Si trovava in vacanza con Marcella per un senso di affaticamento che non lo abbandonava, probabilmente il corpo lo stava avvisando di rallentare gli allenamenti, serviva un po’ di riposo, doveva staccare la spina dall’ossessione di essere sempre pronto per una competizione, e alcune giornate all’insegna dello svago facevano bene anche al loro rapporto, regolato da norme ferree per mantenere alta la sua prestazione sportiva. Tuttavia la fatica non lo abbandonava, si alzava stanco; Marcella aveva notato in una passeggiata notturna che ciondolava leggermente, forse non avrebbe dovuto bere quel bicchiere di vino. Non era il vino, al rientro gli esami clinici avevano dato il responso: distrofia muscolare.
A Roberto S. crollò il mondo: erano finite le gare, il medagliere era completo, doveva tornare a casa dai suoi e senza Marcella che, sconvolta dalla notizia, non era riuscita ad accettare di condividere una vita con lui. Questo contribuì ad affossargli il morale e la malattia ne guadagnava. L’Esercito gli trovò lavoro presso il comune, all’ufficio anagrafe. Una vita finita, in attesa che la malattia lo divorasse lentamente.
Accadde che Teresa D. aveva bisogno di un certificato e si rivolse al trentenne Roberto S., il quale, nei giorni in cui il dolore era sopportabile, era gioviale e simpatico. Quel giorno non sentiva dolori; Teresa, coetanea e con un divorzio alle spalle, aveva sentito subito un’empatia e abituata a non rimandare a domani, gli chiese se voleva uscire con lei quella sera.
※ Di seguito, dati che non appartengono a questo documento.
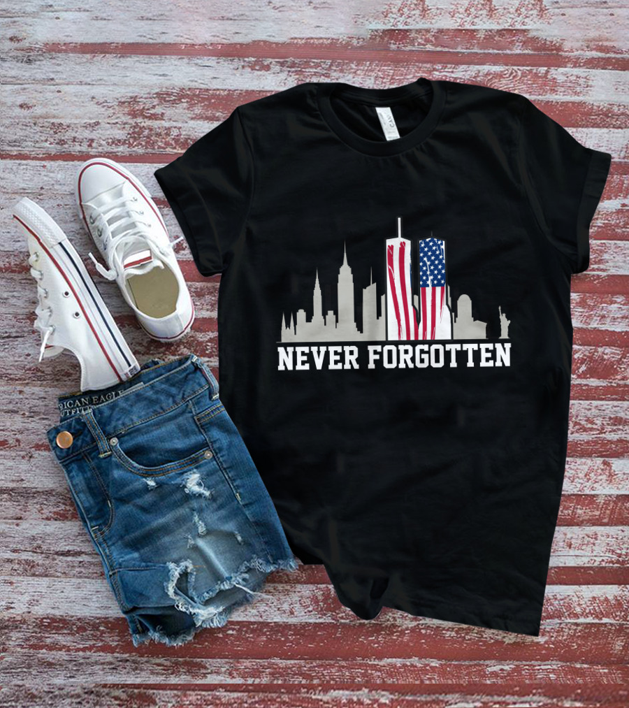 Never Forgotten September 11 Memorial 911 Twin Towers American Flag T-Shirt

Roberto si era fatto serio, non lo vedeva che si muoveva con un bastone? Sì, gli ricordava i vecchi nobili. Non era nobile, era distrofico. Bene, lei era Ariete, ma non credeva nell’astrologia: allora era un sì o era un no?
Ora vivono assieme. La malattia lo ha peggiorato, ma non lo ha vinto, Teresa fa la differenza. Ha girato l’Italia, con la sua lentezza, senza fretta. Quando la malattia lo tortura e non riesce a trovare pace, Teresa gli ha insegnato a progettare. La malattia morde? Comprime il respiro? Non doveva dargliela vinta, gli aveva assestato il gancio violento ed era al tappeto? Bene poteva riprendere fiato, l’arbitro doveva contare fino a dieci prima di dire che aveva perso. E mentre scandiva i dieci secondi, sono tanti quando si sta male, infiniti, progettava un viaggio e se non poteva viaggiare si faceva portare il libro di ricette: avrebbe viaggiato tra i sapori. Uno, due, tre. Sì, un giro a Napoli, un bel sartù di riso. Quattro, cinque. Lo avrebbe cucinato lui, gli piaceva cucinare. Sei, sette, otto. Era tornato il respiro, Teresa era lì che lo massaggiava, come avevano imparato nella ginnastica correttiva. Era di nuovo in piedi. Nessun KO. Era pronto a ricominciare. Lo doveva a sé stesso, a Teresa e alla vita.